From his Facebook page:
Путин, введи войска! #putinvvedivoiska
(Putin, send in the army!)
I spent a day with Alexandr Dugin some two weeks ago. His lecture in Helsinki was a huge success.
@EVERYBODY: please read the translation of the transcript of the show Politics with Peter Tolstoi made by Petri Krohn and posted here:
https://www.facebook.com/notes/truth-about-situation-in-ukraine/ukraine-how-to-stop-the-bloodshed/1508127859410561
There are some very well informed and sharp guests on this show, so a big THANK YOU to Petri Krohn for the translation!
The Saker
@ Nora,
Q: Am I just drawing a blank? Have we, ever?
R: No, you’re not. I wish I Had the stomach to lie to you and tell you otherwise. We’ve maimed and killed so many people, all the time claiming to liberate one thing or another, that it make me puke over and over again when I see all those mo-fus [pardon my language] out there lying through their teeth.
The Battle of the Bulge tells you what would have happened if Germany’s forces wouldn’t have been wasted in the East. Like you, I was told/taught that ‘we’ won the war, that ‘we’ were the decisive factor in a just outcome of the ‘war effort.’

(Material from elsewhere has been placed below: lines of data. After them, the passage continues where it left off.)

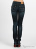 Женские джинсы "скинни" темно-синего цвета из денима с эффектом потертости. Отрезной пояс. Есть шлевки для ремня. Застегиваются на молнию и пуговицу. Пять карманов. Декорированы контрастной прострочкой.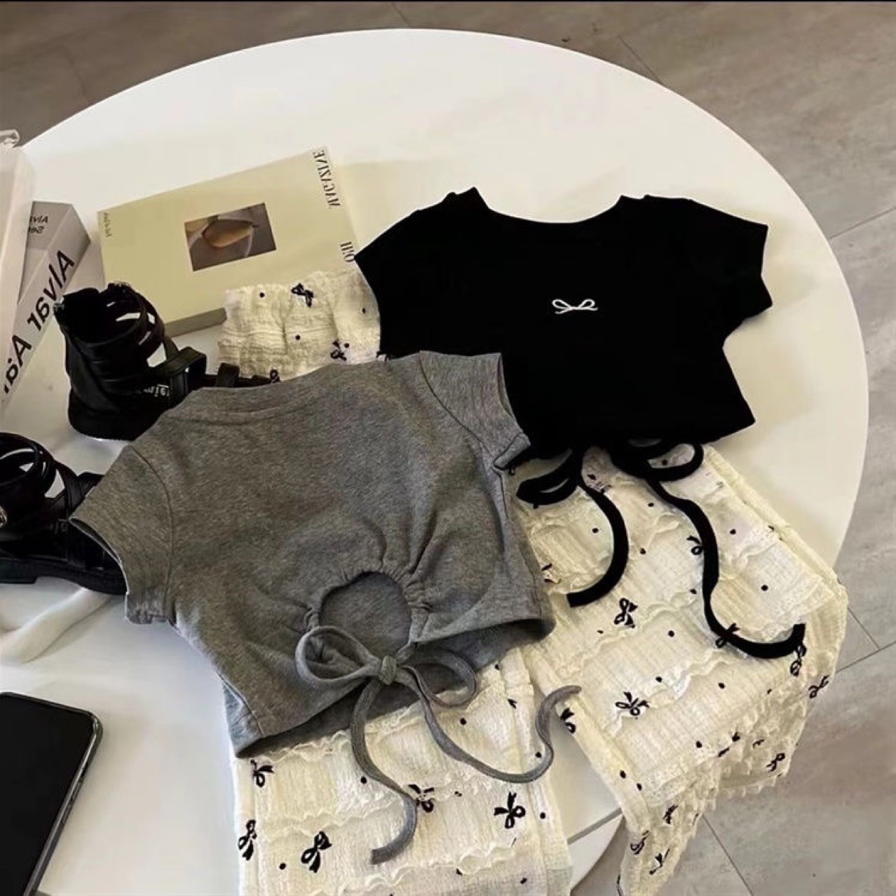 • 그레이 백리스 티셔츠 + 베이지 리본 팬츠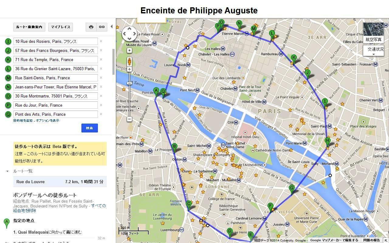 * フィリップ・オーギュスト城壁跡散歩のあしあと @Google Maps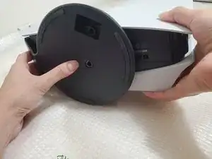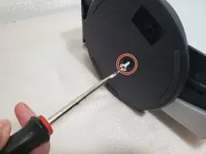 Снимите подставку PS5 с консоли, отвинтив шлицевый винт внизу подставки при помощи шлицевой отвёртки.
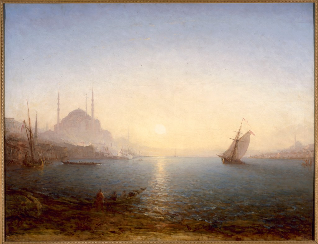 De retour à Paris, ses premières toiles directement inspirées de ce voyage en Orient sont présentées aux Salons de 1857 et 1859. Il décline inlassablement la silhouette de Sainte-Sophie, hérissant l’arrière-plan des vues d’Istanbul de minarets et de coupoles. La Corne d’Or ainsi réinventée est prétexte à toutes les variations atmosphériques.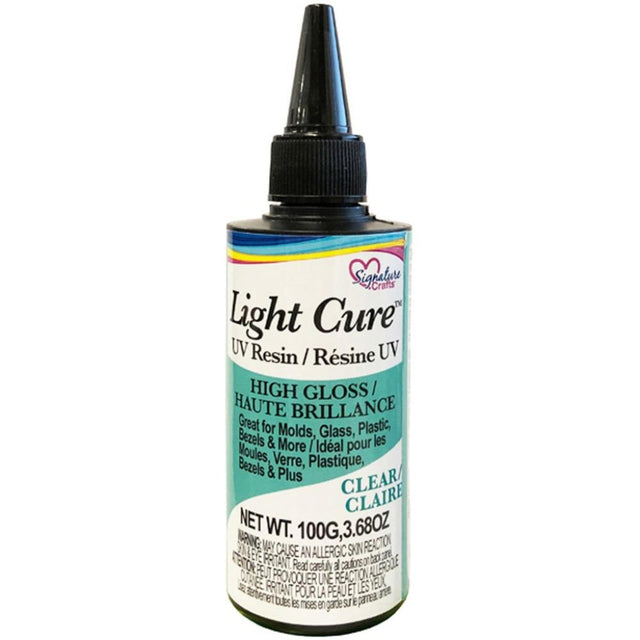 Resin Craft by Me UV resin is ready to use and crystal clear cures to a hard, glossy surface in minutes. Use it to fill molds and bezels, layer with inclusions for a custom creation made by you. This 3.5x2.2x7.5 inch package contains 100ml bottle of UV resin. CAUTION when handling, cured resin may be HOT! CAUTION: keep out of reach of children. Use resin in a well ventilated area. Avoid contact with skin. May be harmful if swallowed. May cause eye irritation. Not edible. Store in a cool, dry place.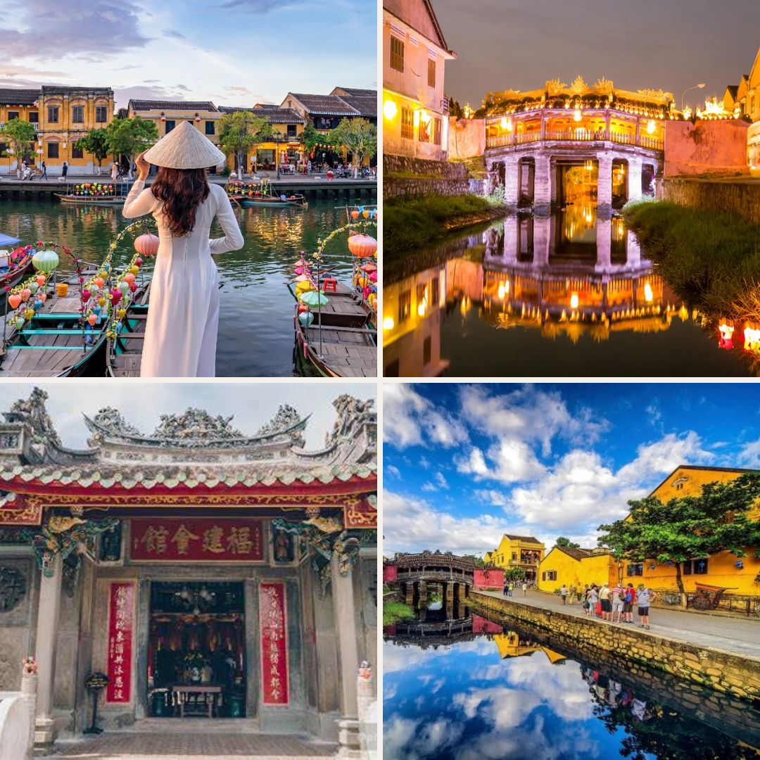 • Phố cổ Hội An: Là một di sản văn hóa thế giới được UNESCO công nhận, nổi tiếng với vẻ đẹp cổ kính và nét kiến trúc độc đáo từ thế kỷ 15 - 19. Nằm bên dòng sông Thu Bồn, Hội An từng là một thương cảng sầm uất, nơi giao thoa văn hóa của nhiều quốc gia như Trung Quốc, Nhật Bản và các nước phương Tây. Quý khách đến đây sẽ được dạo bước trên những con đường nhỏ lát gạch, ngắm nhìn những ngôi nhà cổ mái ngói rêu phong, các hội quán, chùa cầu nổi tiếng và thưởng thức ẩm thực đặc sắc. Vào buổi tối, phố cổ càng lung linh với ánh đèn lồng rực rỡ, tạo nên khung cảnh lãng mạn và hoài cổ.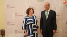 El presidente de la Diputación de Salamanca, Javier Iglesias, ha recibido esta mañana en la sede de la institución provincial a la nueva subdelegada del Gobierno en Salamanca, Encarnación Pérez, a quien ha transmitido su enhorabuena por el nombramiento y su deseo de una buena etapa profesional al frente de la representación del Gobierno de España en la provincia.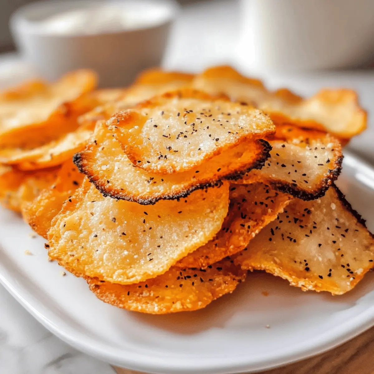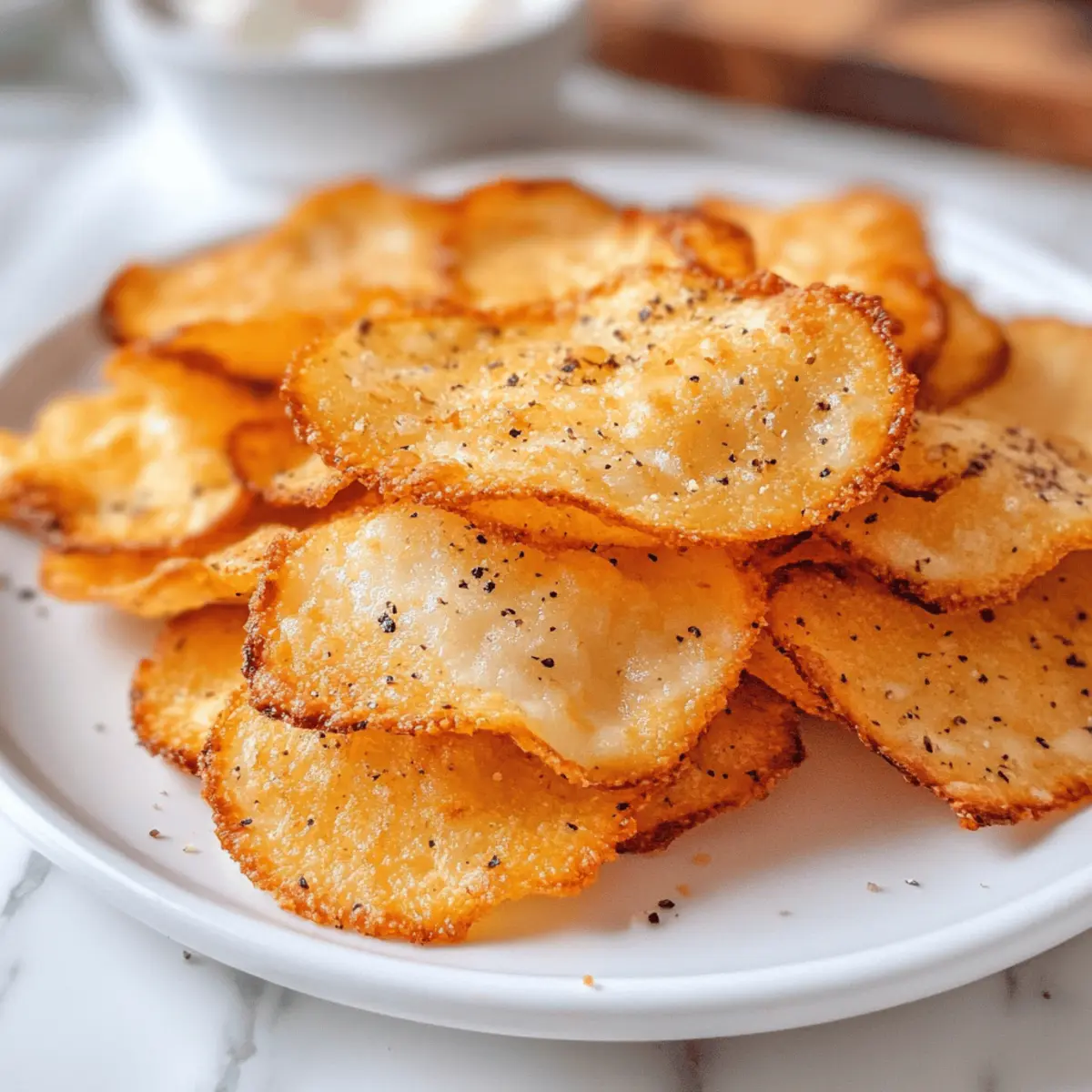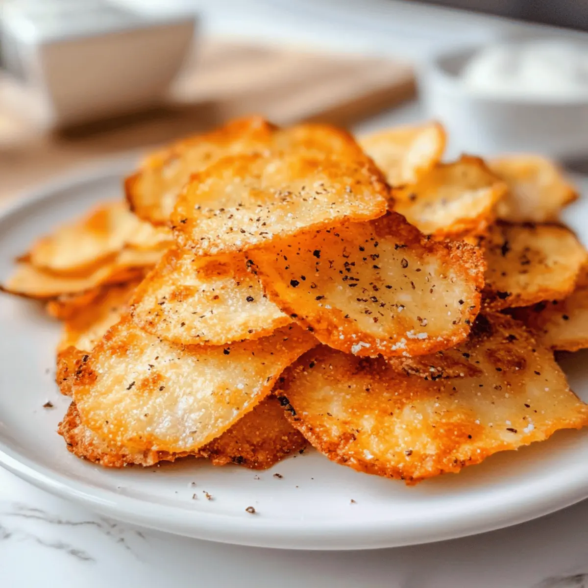 Eines Abends, während ich nach einem gesunden Snack suchte, hatte ich eine kleine Erleuchtung. Warum nicht etwas Einfaches und gleichzeitig Knuspriges ausprobieren? So entstand mein Rezept für die Crispy Low-Carb Cottage Cheese Chips. Diese Chips sind nicht nur blitzschnell zubereitet, sondern auch ein wahres Geschmackserlebnis – perfekt für alle, die auf der Suche nach einer glutenfreien und proteinreichen Snack-Alternative sind. Mit nur einem Hauptbestandteil und der Möglichkeit, sie mit euren Lieblingsgewürzen zu verfeinern, wird jeder Biss zu einer kleinen Geschmacksexplosion. Seid ihr bereit, euer nächstes Lieblingssnack-Rezept zu entdecken? Warum wirst du diese Chips lieben? Einfachheit: Die Zubereitung könnte nicht unkomplizierter sein – mit nur wenigen Schritten hast du knusprige Snacks für jede Gelegenheit. Vielseitigkeit: Experimentiere mit verschiedenen Gewürzen! Von Knoblauchpulver bis hin zu Taco-Gewürz, jede Variante bietet ein neues Geschmackserlebnis. Gesundheit: Diese Chips sind nicht nur glutenfrei, sondern auch arm an Kohlenhydraten und reich an Proteinen – perfekt für deinen gesunden Lebensstil. Snack für alle: Egal ob als Snack für den Fernsehabend oder als Ergänzung zu deinem Mittagessen, sie erfreuen sich großer Beliebtheit bei jedem. Einfach zuzubereiten: In nur 30 Minuten kannst du sie backen und genießen. Ideal, wenn du schnell etwas Knuspriges benötigst! Kombiniere sie zum Beispiel mit einem leckeren Dip wie Guacamole oder salsa für das perfekte Snack-Erlebnis. Wenn dir gesundes Essen am Herzen liegt, schau dir auch unser Rezept für Wuerzige Chinakohl Rinderhack an! Quarkchips Zutaten • Diese köstlichen Krosse Quarkchips sind einfach und schnell zuzubereiten! Für die Chips Quark – Die Hauptzutat, die für die nötige Proteinstruktur sorgt; Vollfett-Quark ist ideal, sorgt jedoch gleichzeitig für einen reicheren Geschmack. Gewürze und Toppings Knoblauchpulver – Verleiht den Chips eine aromatische Note; perfekt für Liebhaber des herzhaften Geschmacks! Taco-Gewürz – Fügt einen würzigen Kick hinzu; ideal für einen Mexiko-inspirierten Snack. Parmesan-Käse – Gleicht den Chips eine herzliche Käsigkeit; große Geschmacksexplosion! Mit diesen Quarkchips hast du nicht nur einen gesunden Snack, sondern auch die Möglichkeit, sie ganz nach deinem Geschmack anzupassen! Schritt-für-Schritt-Anleitung für Krosse Quarkchips Step 1: Ofen vorheizen Heize deinen Ofen auf 180°C vor und lege ein Backblech mit Backpapier aus. Achte darauf, dass das Backpapier gut sitzt, damit die Krosse Quarkchips später leicht zu entnehmen sind. Während der Ofen aufheizt, kannst du die nächsten Schritte vorbereiten, um einen reibungslosen Ablauf zu gewährleisten. Step 2: Quark abtropfen lassen Nehme den Quark aus der Verpackung und lasse ihn gut abtropfen. Dies ist wichtig, um überschüssige Feuchtigkeit zu entfernen, die dazu führen könnte, dass die Chips beim Backen nicht schön knusprig werden. Du kannst den Quark auch in ein Sieb geben und ihn für etwa 10 Minuten ruhen lassen, um die Konsistenz zu verbessern. Step 3: Chips auf das Backblech setzen Mit einem Esslöffel nimmst du portionsweise Quark und setzt diese kleinen Häufchen gleichmäßig auf das Backpapier. Lass dabei einen Abstand von etwa 5 cm zwischen den Häufchen, damit sie beim Backen Platz zum Ausdehnen haben. Drücke jede Portion leicht flach, um die gleichmäßige Backung zu unterstützen. Step 4: Gewürze hinzufügen Jetzt ist es Zeit, deiner Kreativität freien Lauf zu lassen! Streue deine gewünschten Gewürze über die Quarkhäufchen. Ob du Knoblauchpulver, Taco-Gewürz oder Parmesan-Käse verwendest, jeder Belag sorgt für eine besondere Geschmacksnote. Achte darauf, die Gewürze gleichmäßig zu verteilen, um das Aroma in jedem Biss zu garantieren. Step 5: Backen der Chips Schiebe das Backblech in den vorgeheizten Ofen und backe die Quarkchips für etwa 30 Minuten. Halte ein Auge darauf, bis die Ränder leicht goldbraun werden und die Oberseite knusprig aussieht. Der Duft, der aus dem Ofen strömt, wird dir bestätigen, dass deine Krosse Quarkchips fast fertig sind! Step 6: Abkühlen lassen Nehme das Backblech aus dem Ofen und lasse die Krosse Quarkchips darauf vollständig abkühlen. Diese Schritt ist entscheidend, um die knusprige Textur zu bewahren. Lass sie unbedingt ein paar Minuten ruhen, damit die Chips fest werden und ihre Form behalten, bevor du sie servierst. Step 7: Servieren und genießen Sobald die Chips abgekühlt sind, kannst du sie direkt genießen oder mit gesunden Dips wie Guacamole oder Salsa servieren. Diese Krosse Quarkchips sind der perfekte Snack für jede Gelegenheit. Verwöhne dich mit diesem köstlichen, selbstgemachten Snack, der sowohl nahrhaft als auch lecker ist! Lagerungstipps für Krosse Quarkchips Zimmertemperatur: Ideal sind die Chips frisch und warm, jedoch kannst du sie bei Zimmertemperatur in einer luftdichten Dose bis zu 2 Tage aufbewahren. Kühlschrank: Im Kühlschrank halten sich die Krosse Quarkchips bis zu 3 Tage. Achte darauf, sie in einem luftdichten Behälter zu lagern, um Feuchtigkeit zu vermeiden. Aufwärmen: Um die ursprüngliche Knusprigkeit wiederherzustellen, heize die Chips im Ofen bei 180°C für ca. 5-10 Minuten auf. Mikrowellen sind nicht geeignet, da sie die Chips matschig machen. Gefrieren: Das Einfrieren der Chips wird nicht empfohlen, da sie ihre Textur verlieren könnten. Genieß sie lieber frisch zubereitet für das beste Geschmackserlebnis! Tipps für die besten Quarkchips • Gut abtropfen lassen: Achte darauf, den Quark gründlich abzutropfen, um eine perfekt knusprige Textur zu erzielen. Zu viel Feuchtigkeit führt zu matschigen Chips. • Backblech richtig vorbereiten: Verwende Backpapier, um ein Ankleben der Chips zu verhindern. Dies erleichtert das Entnehmen und sorgt für ein schönes Backergebnis. • Gewürze gleichmäßig verteilen: Streue die Gewürze gleichmäßig über die Quarkhäufchen, um sic

Good won over evil… until you start reading article 19 and 21 of the Nuremberg Trial Proceedings Vol. 1
Charter of the International Military Tribunal
19) The Tribunal shall not be bound by technical rules of evidence.
21) The Tribunal shall not require proof of facts of common knowledge but shall take judicial notice thereof.
If ‘you’ keep this in mind, it explains why Putin ‘annexed’ Crimea, but no the ‘Ukraine.’
I am convinced Russia will not attack anything outside its territory. The costs more than outweigh any benefits.
To Petri Krohn:
What type of people go listen to Dugin’s lectures?
I believe they are mostly European nationalists, but of a different breed of what we are used to see.
The Russian economy depend on the both the oil price (and gas price) and the market access. After 9.11 USA have decided to become independent of energy import. This was made possible by a huge increase in the oil price and the extraction of shale oil. The oil price have now been high for so long time that there have been made to much investment in new production capacity. The oil price will crash unless some producers is hindered access to the market. By hindering Russian access to the European energy market USA kills to birds with one stone. They keep the price of oil up (and thus help the US shale oil industry) and they open up Europe for US LNG. As a extra bonus they inflict damage to Russia and Putin.
No doubt the explosion at the generating station just outside Pristina was just “one of those things” ?
Only a few days until the inexorable advance of General Winter…
Very interesting and disturbing read, the Tolstoi transcript. Now RT is reporting that the US will provide military advisers to Ukraine (asap) along with the ‘non-lethal’ aid package and other assistance already approved. The warning lights are blinking red I’m afraid…
the pessimist
Obama has been out played by Putin on both Syria and Crimea, he is very wounded, most likely will not back down.
I also think Russia can not cut EU gas is a bull. A notice should have server long ago: if you want energy security, then do not mess with my national security.
Putin went to Normandy to be humiliated, to be ignored, to be demeaned… to try one last time to stop the killing in Ukraine through peaceful means.
He is a head of state. He is a proud man. He knew what would happen in Normandy. But he thought it was worth it.
The world is about to find out what “Russian intelligence” really means.
The CIA crazies that run the US government (God does that sound nuts) are about to get what they want. I hope you like what you get, Victoria.